Thursday, May 17, 2012

RIP, Donna Summer



Oh, this is sad! The most-important of all the disco singers of the 70's has passed on! Huge hits; huge influence!:
Donna Summer died Thursday after a battle with cancer. The 63-year-old Summer was known for her soaring voice and sensual purrs that made her a queen of disco when the genre was in its heyday in the 1970s. And it was a title she held well beyond those years.

...Born LaDonna Andrea Gaines in suburban Boston on New Year’s Eve, 1948, Summer was one of seven siblings in a church-attending family who encouraged studies and singing in equal measure.

An early fan of gospel singer Mahalia Jackson, Summer sang in a Boston rock band called Crow in the late 1960s, and left home for New York City at age 18 to find work on Broadway, which she did quickly by landing a role in a touring version of the hot Broadway show “Hair.”

She spent the next three years living and touring in Europe. There she met and married the singer Helmut Sommer, whose last name she adapted as her stage name.

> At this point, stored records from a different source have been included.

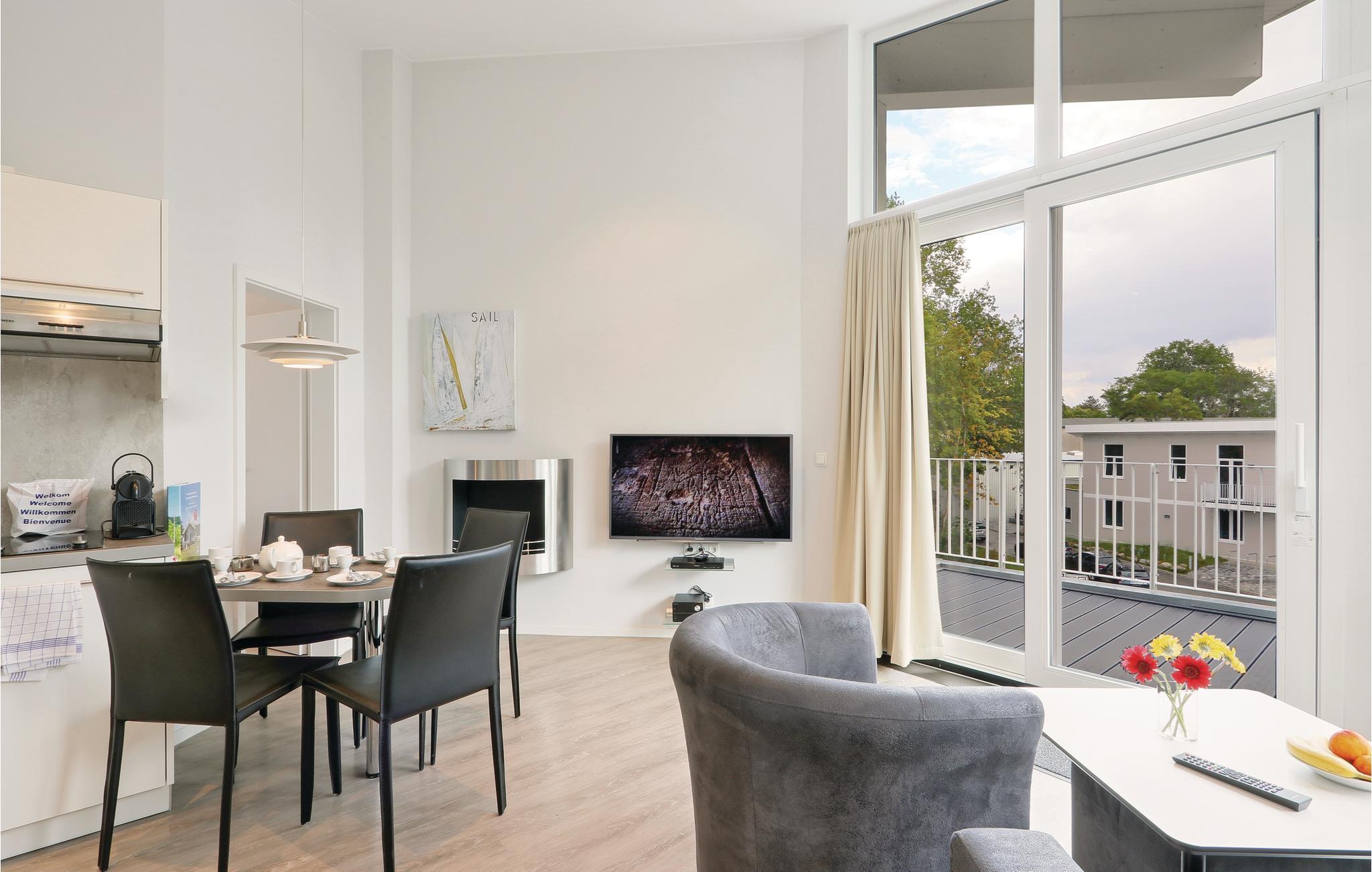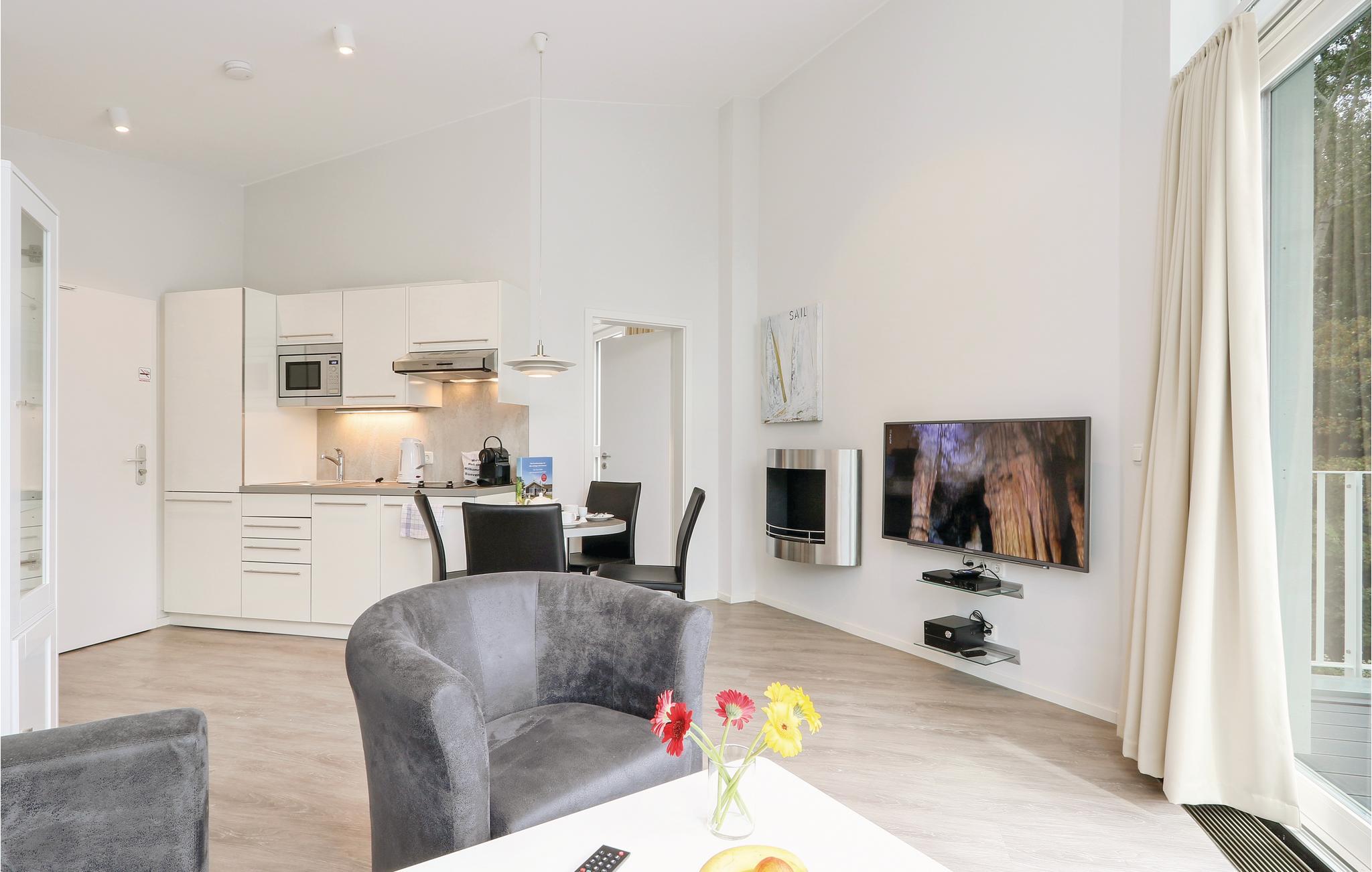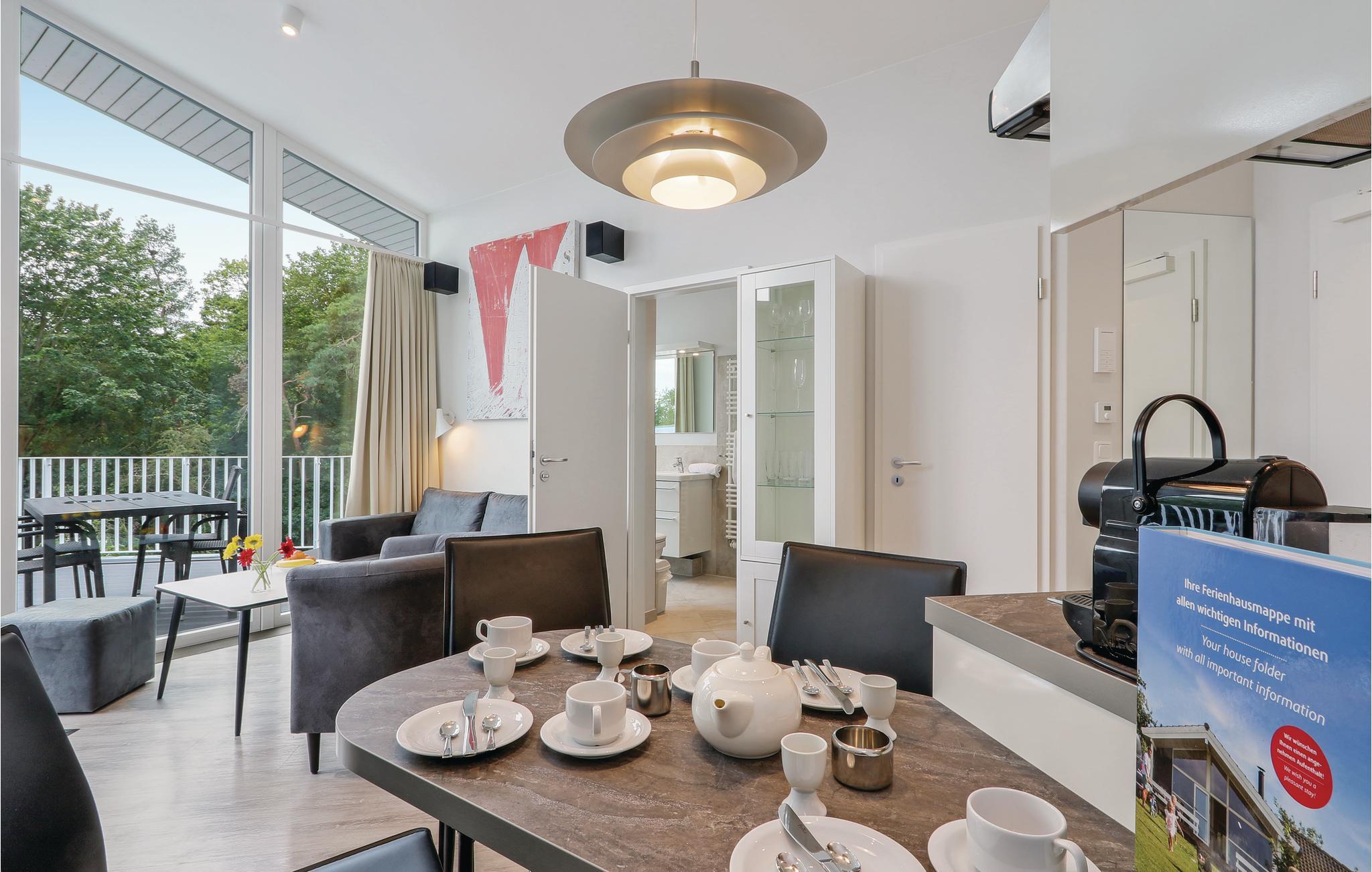 Ferielejligheden er flot indrettet i moderne design. I det separate soveværelse finder I en fin dobbeltseng, og i stuen er der yderligere to sovepladser. Herfra kan I gå ud på den store tagterrasse, hvor I kan sidde og spise jeres morgenmad eller bare nyde den friske Østersøluft. I stuen finder I en biokaminen, som bidrager til en hyggelig atmosfære i rummet. Badeværelset præsenterer sig som jeres helt eget wellnessområde med dampbad og dobbelt regnbruser. Lejligheden har desuden et moderne entertainment-system med bluray-afspiller, to fjernsyn, og et musikanlæg med mp3-tilslutning.
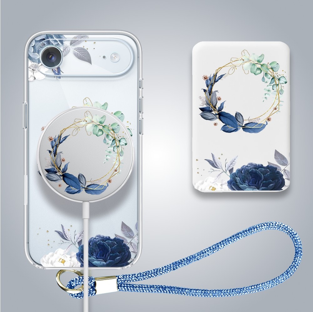 Zestaw etui do iPhone Air, szkło na aparat, power bank, niebieskie kwiaty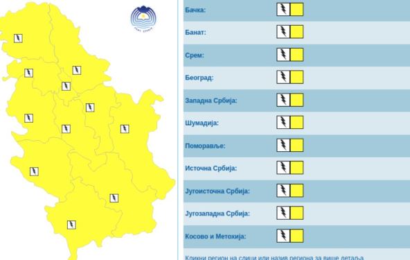 Republički hidrometeorološki zavod (RHMZ) objavio je danas novo upozorenje na lokalnu pojavu obilnih pljuskova sa grmljavinom na području Srbije.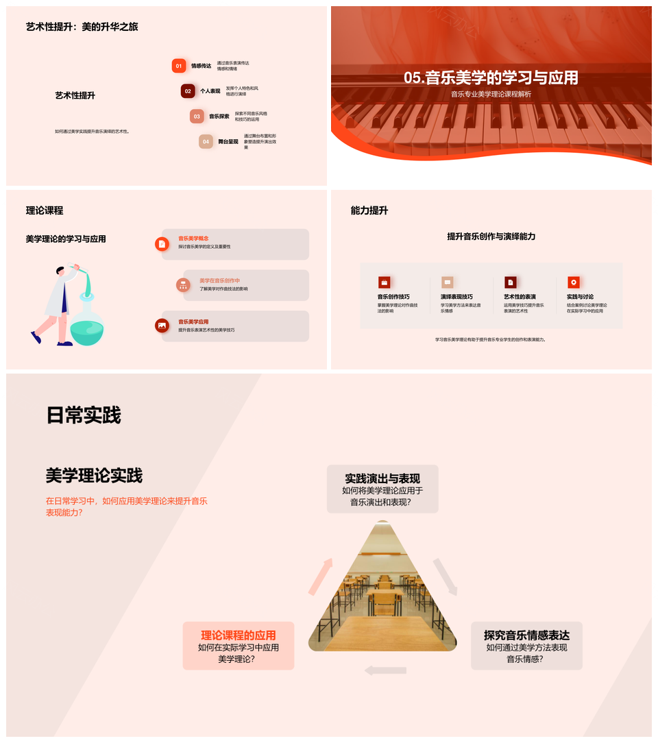 这是一张音乐美学创作演绎与作曲技法研究PPT模板,包含音乐美学、创作、演绎、作曲技法、研究等主题内容,也可用作音乐美学创作演绎、美学创作演绎作曲、创作演绎作曲技法、演绎作曲技法研究、音乐美学创作、美学创作演绎、创作演绎作曲、演绎作曲技法、作曲技法研究、美学、美学创作、创作演绎、演绎作曲、作曲技法、技法研究等PPT场景使用。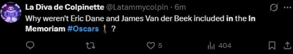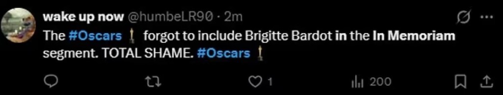 «Γιατί δεν συμπεριλήφθησαν οι Έρικ Ντέιν και Τζέιμς Βαν Ντερ Μπικ στο In Memoriam;» είπε κάποιος. «Η απουσία της Μπριζίτ Μπαρντό είναι πραγματικά σοκαριστική» ανέφερε κάποιος άλλος, με ορισμένους να χαρακτηρίζουν την παράλειψη «ντροπιαστική».

While in Europe she also met Italian music producer Giorgio Moroder, whose early dance tracks were making an impact across Europe. Moroder and Summer started working together, resulting in their first hit, the seductive 17-minute-long dance floor epic “Love to Love You Baby.” On it, Summer moans in ecstasy throughout, seeming to climax with the music. A shortened version of it was released by then-hot label Casablanca in 1975, and peaked on the Billboard singles chart at No. 2.

That was the first of a string of songs that not only helped bring disco to the mainstream, but predicted the rise of both techno and house music. Among those were “I Feel Love,” “Bad Girls,” “She Works Hard for the Money” and “On the Radio.”

But unlike some other stars of disco who faded as the music became less popular, she was able to grow beyond it and later segued to a pop-rock sound. She had one of her biggest hits in the 1980s with "She Works Hard for the Money," which became an anthem for women's rights.

...Still, even as disco went out of fashion she remained a fixture in dance clubs, endlessly sampled and remixed into contemporary dance hits.